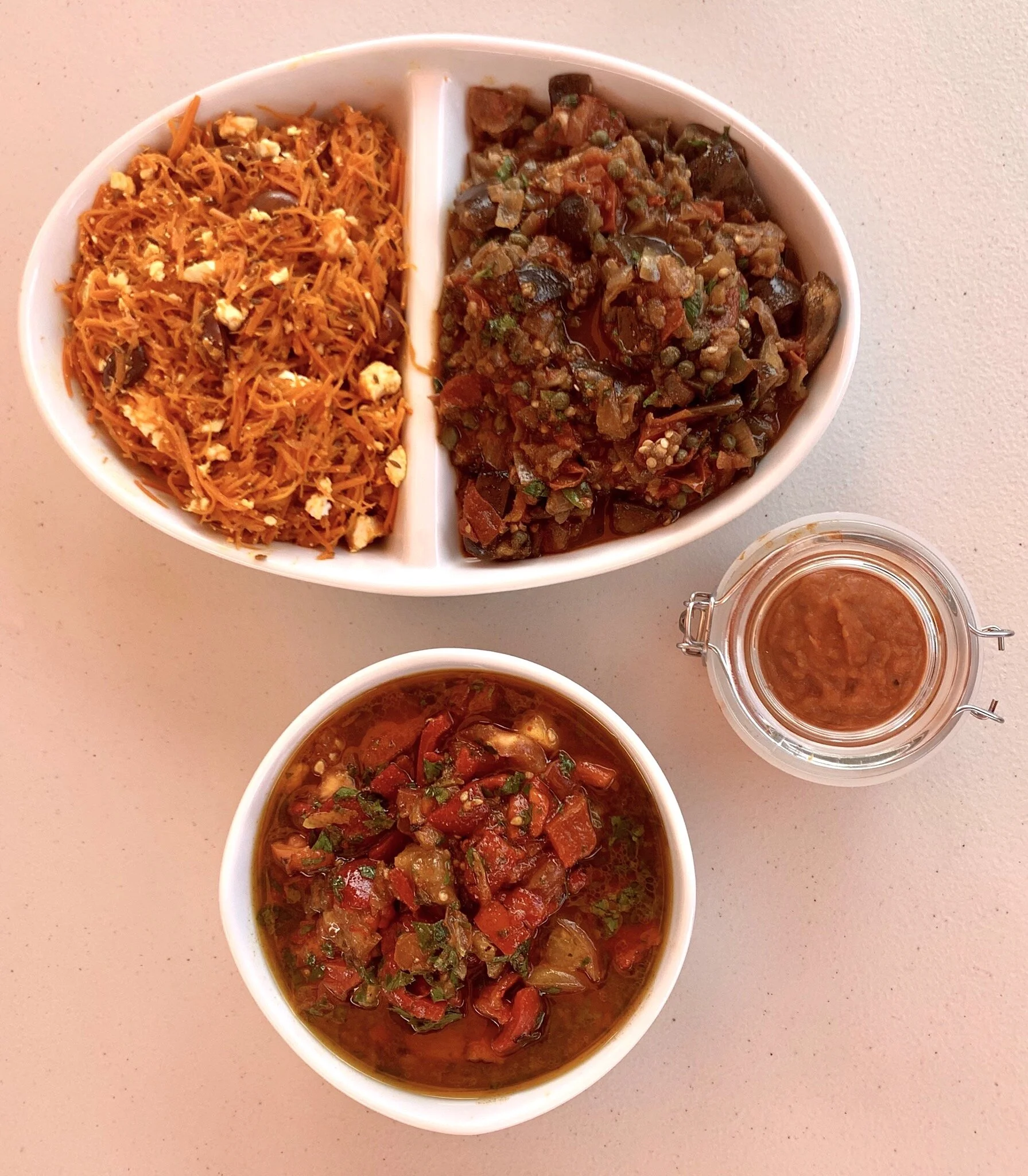 For the main course, we crisscrossed the continent in order to check off the boxes for North, South, and East. We served boerewors sausage and homemade chapati alongside three North African salads: grilled eggplant, roasted red pepper with preserved lemon, and spicy carrot.
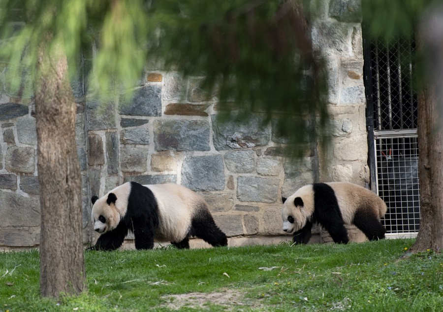 Photo taken on April 16, 2022 shows giant panda cub "Xiao Qi Ji" (R) and its mother "Mei Xiang" at Smithsonian's National Zoo in Washington, D.C., the United States. (Xinhua/Liu Jie)
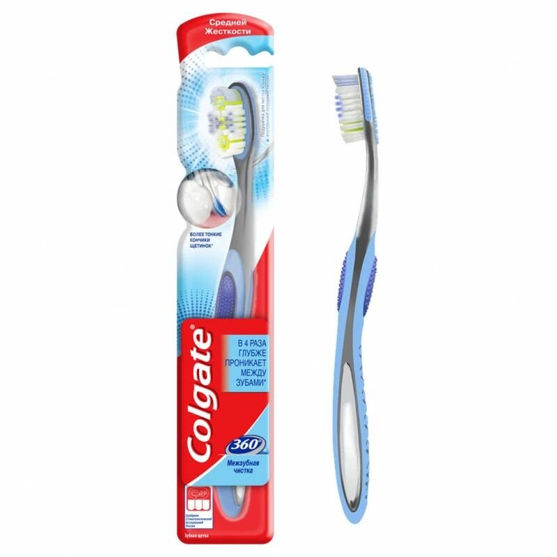 - COLGATE 360 Межзубная Чистка многофункциональная зубная щетка, средней жесткости
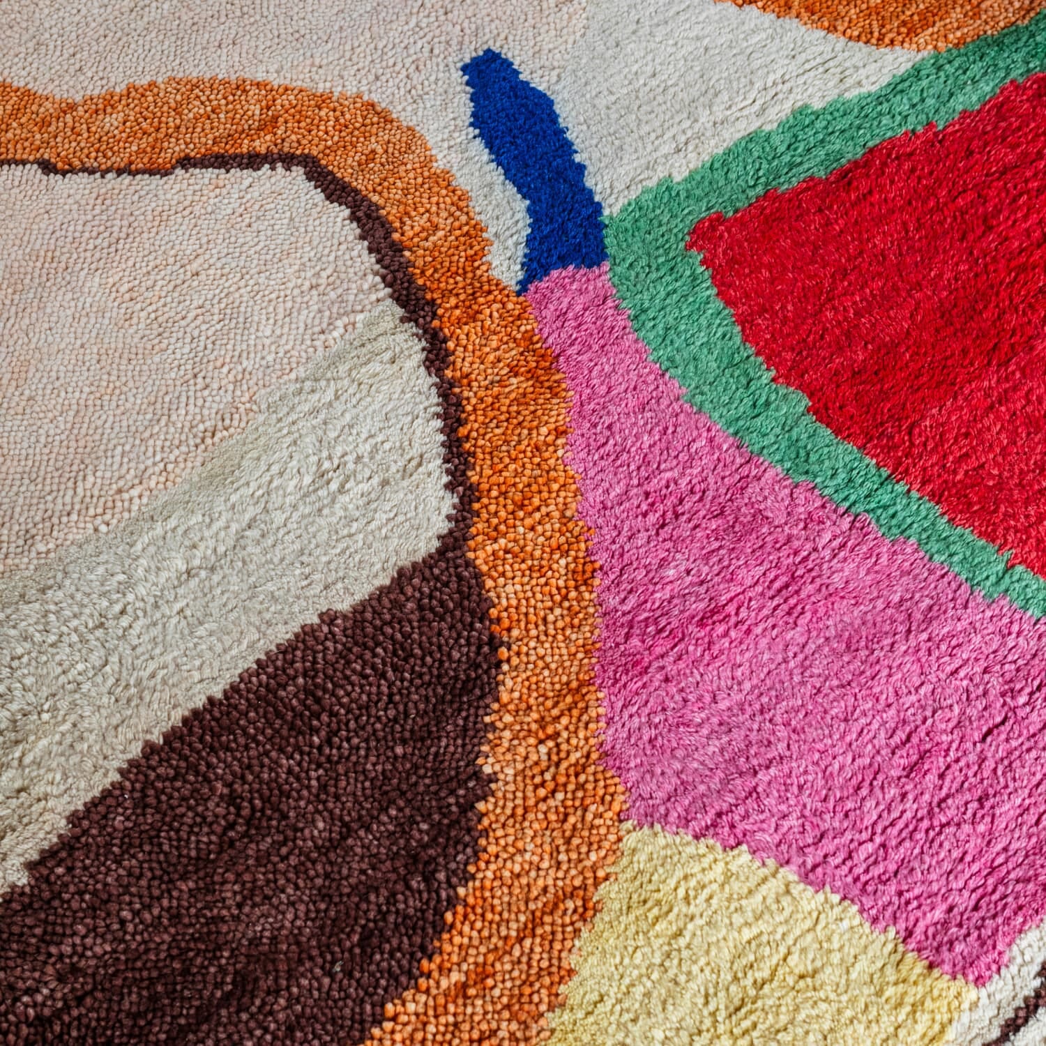 Dette håndlagde teppet er laget av 100 % nyzealandsk ull, verdsatt for sin naturlige mykhet og slitestyrke. Designet gjenspeiler Chontos’ karakteristiske og energiske formspråk, som sammen med LAYEREDs ekspertise innen tekstilhåndverk, resulterer i et teppe som er like mye kunst som interiør.
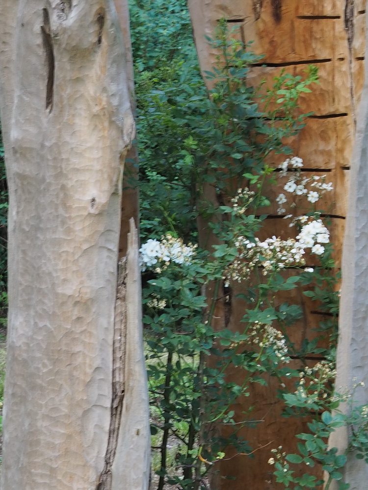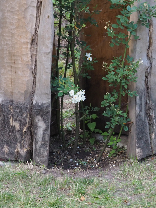 Weißdorn gehört zu den Rosengewächsen und so machte Stefan Palm den Vorschlag, die Kletterrose "Moscalbò" des italienischen Züchters Davide Dalla Libera dort zu pflanzen. Die Rose wuchs im Forster ADR Prüfgarten und konnte nach Abschluss der Prüfungsphase entnommen werde.
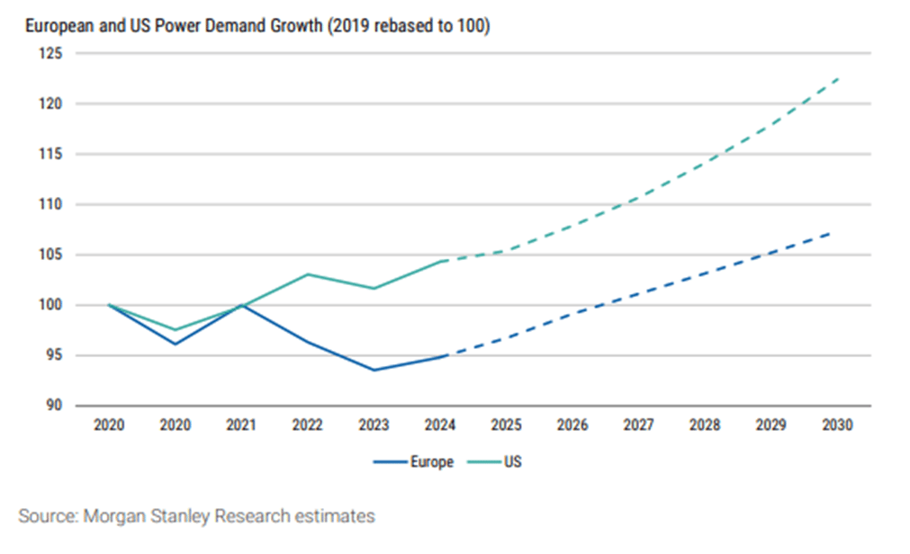 Below: Forecasts for rising total power demand in the US and Europe.

■ ■ ■ ■

HOW TO COMPLETE THIS TASK: Please give an exact copy of the lines from the line containing "- COLGATE 360" through the end of the records above, pictures excluded.

ANSWER:
 - COLGATE 360 Межзубная Чистка многофункциональная зубная щетка, средней жесткости
 Dette håndlagde teppet er laget av 100 % nyzealandsk ull, verdsatt for sin naturlige mykhet og slitestyrke. Designet gjenspeiler Chontos’ karakteristiske og energiske formspråk, som sammen med LAYEREDs ekspertise innen tekstilhåndverk, resulterer i et teppe som er like mye kunst som interiør.
 Weißdorn gehört zu den Rosengewächsen und so machte Stefan Palm den Vorschlag, die Kletterrose "Moscalbò" des italienischen Züchters Davide Dalla Libera dort zu pflanzen. Die Rose wuchs im Forster ADR Prüfgarten und konnte nach Abschluss der Prüfungsphase entnommen werde.
 Below: Forecasts for rising total power demand in the US and Europe.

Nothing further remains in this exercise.